When I looked confused, she winked at me as she handed me a small paper bag with my few personal items. “The Court does find the truth in the paperwork occasionally.”
With that, I was moved. Not just out of that area, but off that floor, and within ninety minutes, Tyler was with me.
I told him the whole story while we sat and talk, and he tells me what’s been happening on the outside. Nothing good, but it’s nice to know it isn’t just him working on getting me out. And when it’s time for him to go, I don’t want him destroyed by my tears, so I give him a shaky smile, holding in the pain and keeping my hands down that want to hold on to him.
Once he’s gone, two bags are delivered by a new nurse, who kindly lets me know the important items will be secured for safekeeping when I’m not using them. When she leaves, I dig into the first bag and find plush blankets and fluffy pillows, along with some of my own clothes. The other is my backpack full of homework along with my Kindle in a small clear bag.
Taking the opportunity to make the bed, I turn it into something that feels less soul erasing. I sort the clothes he brought and find his sweatshirt and practice jersey. They smell like him. And it makes me angry. Not just that I’m here, but that my life was stripped away.
Fuck that. Fuck them. Fuck him!
Tyler can’t be the only one getting his shit together.
If I want my life back, I have to take it back. Which means first, I can’t look like a threat while I’m in this place. I have to act completely normal so they can’t say I’m not able to take care of myself. That means I attend their therapy sessions and do all the things I used to no matter what
I have to hold back behind clenched teeth.
Starting with the basics. They don’t have tubs here, something about not wanting people to drown themselves. They have showers, and those are landmines for me. Most of the time, my memories aren’t clear, but the flashes are more vivid and ugly when I’m wet. Gabe attacked me in the rain, and just sitting on the edge of the bed thinking about a shower leaves me trembling. It takes thirty minutes for me to convince myself I can handle the feel of drops of water on my skin. Because I will handle it.
Each step is a walk to the gates of hell, and the act of taking my clothes off and turning on the water is like exorcising a demon.
I’m only in it for a few minutes, each drop of water acting like shrapnel hitting flesh, the sound in the small stall, a firefight, sending wracking sobs through my body…but I do it. Closing my eyes on each memory, I finish as fast as I can, shaking as I get out.
Staring at my image in the mirror, I chant, you’re fine, you’re fine, over and over, digging my nails in until they split skin.
I did it.
And I’ll do it again tomorrow.
With the door closed, in my own clothes for the first time in days, I crawl into a bed where the sheets don’t make me want to rip my skin off.
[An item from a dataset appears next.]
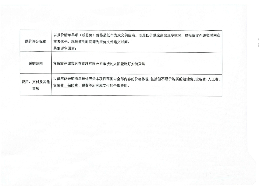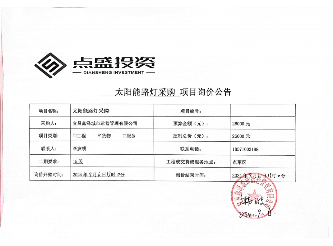 宜昌鑫澤城市運(yùn)營(yíng)管理有限公司太陽(yáng)能路燈采購(gòu)項(xiàng)目詢價(jià)公告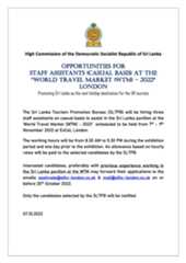 We wish to inform those who make inquiries on applying for visas for Sri Lanka that the temporary suspension of the issuance of visas put in place due to COVID-19 pandemic still continues. Accordingly, the issuance of all categories of Sri Lanka visas for all foreign nationals remains suspended until further notice. (For further details please visit:

They’re soft and smell amazing, taking some of the sting out of the room’s sterility. I’m still homesick, but Tyler’s made sure I have everything they’d let me have.
Feeling raw inside and out, I decide to dissolve into another world. Reading was one of my favorite escapes when I lived at Emily’s, so focusing on the feeling of being dry and the smell of the new sheets, I grab my Kindle. When it flickers on, it’s fully charged and instead of my familiar set of books, there’s a new set of book covers.
Each image is familiar. My brow twitches in suspicion. Tapping my library, I start to scroll, and there’s row after row of newly purchased books, waiting to be read. A sob seizes my chest, making it hard to breathe. Fingers flying, I access my lists and realize he bought not only my entire e-book list, but all my wish lists. He purchased everything. I don’t get a chance to laugh or cry at Tyler’s absurdity before the door opens and Nick comes in.